①田中章義「教科書で習うことのない歌のたいせつさ」〈ここ十数年、さまざまな時代の施政者や戦国武将、幕末の志士、芸術家、教育者などが詠み残した歌と対峙しながら(…)〉歌人以外の人、特に歴史上、名のある人の歌、という理解でいいだろうか。

 心あらば此の民草のかれのべに露ほどだにも月やどりせよ 田中正造〈「民の住む枯野辺となった田畑の上をほんのわずかでも月が照らし、恵をもたらしてほしい」と願った正造の一首(・・・)民草のために尽力し続けた正造も歌を尊ぶ一人だった。〉田中正造の人柄と、その祈りをよく伝えてくれる歌。

 歴史上の業績と歌を並べて読むと面白い。歌は文学としての側面だけではない、という文化史的な観点なのだろう。ただ、歴史上、業績のある人だから歌も価値があるというわけではないと思う。いい歌かどうかはまた別の問題だ。

②松村由利子「時代の変化とともに」〈子育てを詠んだ歌は、いつの時代もあふれんばかりの情愛に満ちている。そして、親たちのひたむきな姿は、子どもたちの愛らしさ以上に胸を打つ。〉そうなんだけど。何か物足りない。私の場合も含めて、こんな子育て短歌ばかりじゃない気がする。

終わりなく答え欲しがる夏休みていねいに応えてあげればよかった 佐伯裕子〈母親が社会に馴染めないと、敏感な子はその感受性を共有して、バランスを崩してしまう〉耳に痛いエッセイ。
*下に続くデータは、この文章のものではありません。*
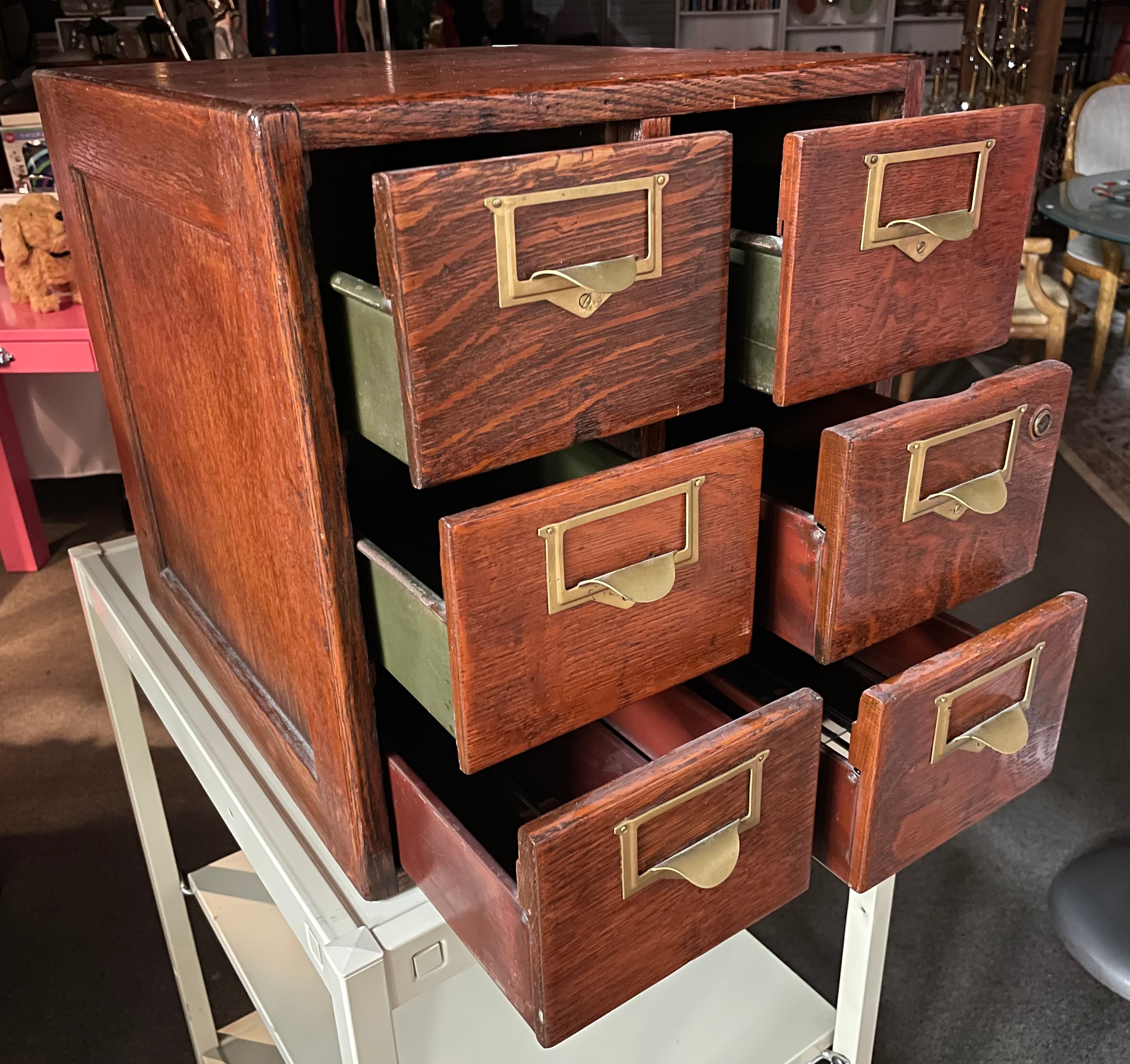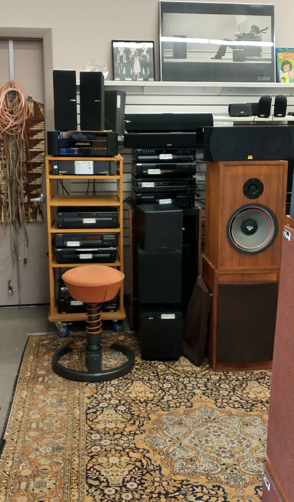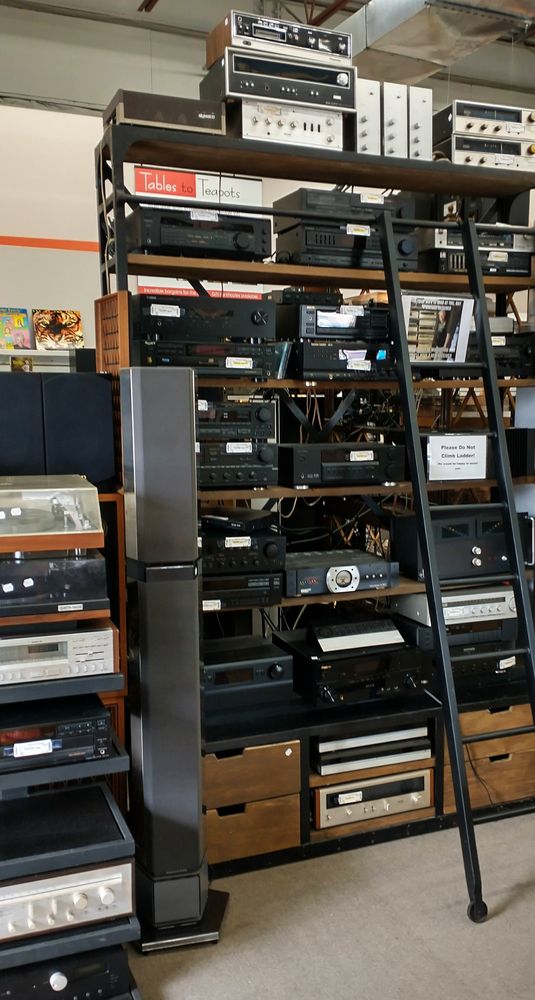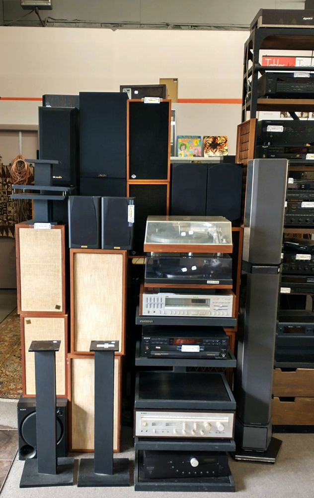Fun variety! Jewelry and clothes and vintage AV audio and kitchen things and musical instruments and even a little furniture & decor.

「~すればよかった」と後からは思うのだが、その時はそれができないんだよなあ。

驚かない落胆しない騒がない そういう母にまだなる途上/揺れ、すがり、諦め、肝を削ぐような感情 今夜も娘とねむる 鈴木英子 一首目は二首目の詞書。子育てのどんな時も冷静にいようとしながら、毎日それができないまま、娘と眠る。大人にならない娘と。衝撃の連作だった。

すずめ蛾のやわらかき腹わが知らぬ少女となりて子の夏は過ぐ 奥田亡羊 子を恋うる歌。蛾の腹から少女の柔らかい腹に想像が及ぶ。自分の子を詠いながらどこか性的な印象がある。わが知らぬ、と子の成長を直に見ていないことも、禁忌の雰囲気を感じさせる。

⑥三枝浩樹「再訪八木重吉」〈〈わたし〉を消すことによって、木がいよいよその全貌を現すのである。その風景の中に歩み入るためには〈わたし〉を消さなければならない(…)信仰のベースには自己否定がある〉信仰の話はいつも難しく思うが、今号の話は詩と響き合い、腑に落ちた。